Palazzo Corsini was commissioned to architect Ferdinando Fuga (1699-1781) by Cardinal Neri Maria Corsini, who in 1736 had acquired the 16th-century Palazzo Riario on via della Lungara. The old building was englobed into the new Palazzo Corsini, with its beautiful double-flight staircase, and the vast entrance hall opening with a triple barrel-vault on via della Lungara.
The gallery houses a great number of works, from the Middle Ages to the 18th century.

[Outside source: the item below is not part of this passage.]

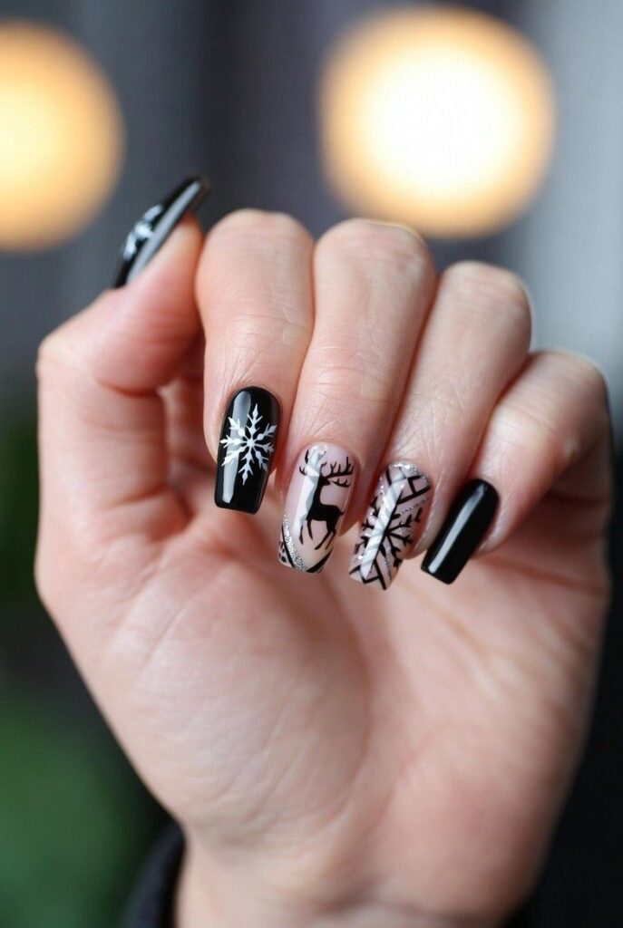 “Glossy black polish frames delicate white snowflakes on each nail, while the ring finger steals the show with a giant reindeer face — complete with antlers and a red nose. It’s clean, elegant, and totally photo-ready — like wearing a winter art exhibit on your fingertips.”

The most important pieces on display include: the triptych of the Last Judgement, the Ascension and the Pentecost by Beato Angelico; Saint Sebastian attended by Angels by Rubens; the Madonna of the Straw by Van Dick; The Madonna with Child by Murillo; Saint John the Baptist in the Desert by Caravaggio; the Madonna with Child by Orazio Gentileschi; Ovidiuss Triumph by Nicolas Poussin; Rebecca by the Spring by Carlo Maratta; Blind Homer by P. F. Mola; the Sheperds Adoration by Guercino; various paintings by Guido Reni (Salome with the Head of the Baptist, Saint Girolamus, Christ crowned with Thornes, Our Lady of Sorrows, Saint John the Baptist); Jesus among the Doctors by Luca Giordano. A large space is devoted to 17th-century genre painting, among which the Battle and the Drinking Trough, two works by Michelangelo Cerquozzi, the Aqua-vitae Seller and the Seller of Ring-shaped Cakes by J. Lingelbach; landscapes (e.g. those by Gaspar Dughet, by the Master of Birches, by G. P. Pannini) and still-lifes are also well represented, among which those by Abraham Brueghel are of great interest and artistic value. The gallery undoubtedly provides extensive documentation on the development of painting between the 17th and the 18th century, especially in Naples and Rome where, in addition to the Italians, many artists in particular from Northern Europe and Holland also worked.